§ Given data
======
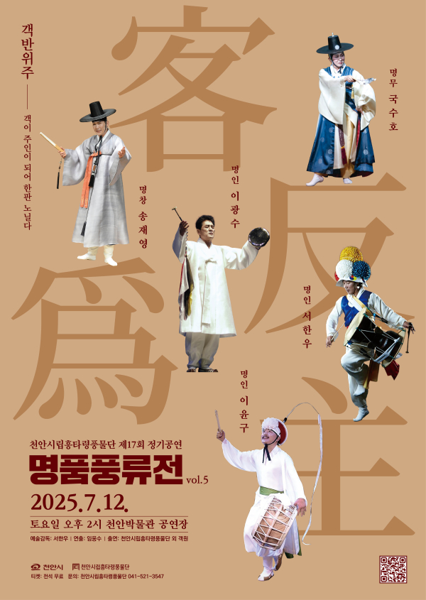 [충청뉴스 유규상 기자] 천안시립흥타령풍물단이 오는 12일 천안박물관에서 제17회 정기공연 ‘객반위주(客反爲主) 명품풍류전’을 연다.
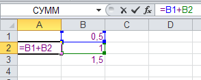Например, на рис. 2.7 приведен пример копирования ячейки А2 с формулой =В1+В2 (содержащей относительные ссылки) в ячейку А3. Пример перемещения ячейки А2с формулой =В1+В2 (содержащей относительные ссылки) в ячейку А3приведен на рис. 3.1.
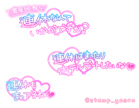 「濃厚過激な連休なんていかがですか?」「連休はまったりホテルデートしたいな」「連休もまってるね」のスタンプ
======
§ Task to complete
All lines from the line with "Например, на рис." through the final line of the listing are to be printed exactly, both ends included; the pictures are not.

§ Result of this exercise
Например, на рис. 2.7 приведен пример копирования ячейки А2 с формулой =В1+В2 (содержащей относительные ссылки) в ячейку А3. Пример перемещения ячейки А2с формулой =В1+В2 (содержащей относительные ссылки) в ячейку А3приведен на рис. 3.1.
 「濃厚過激な連休なんていかがですか?」「連休はまったりホテルデートしたいな」「連休もまってるね」のスタンプ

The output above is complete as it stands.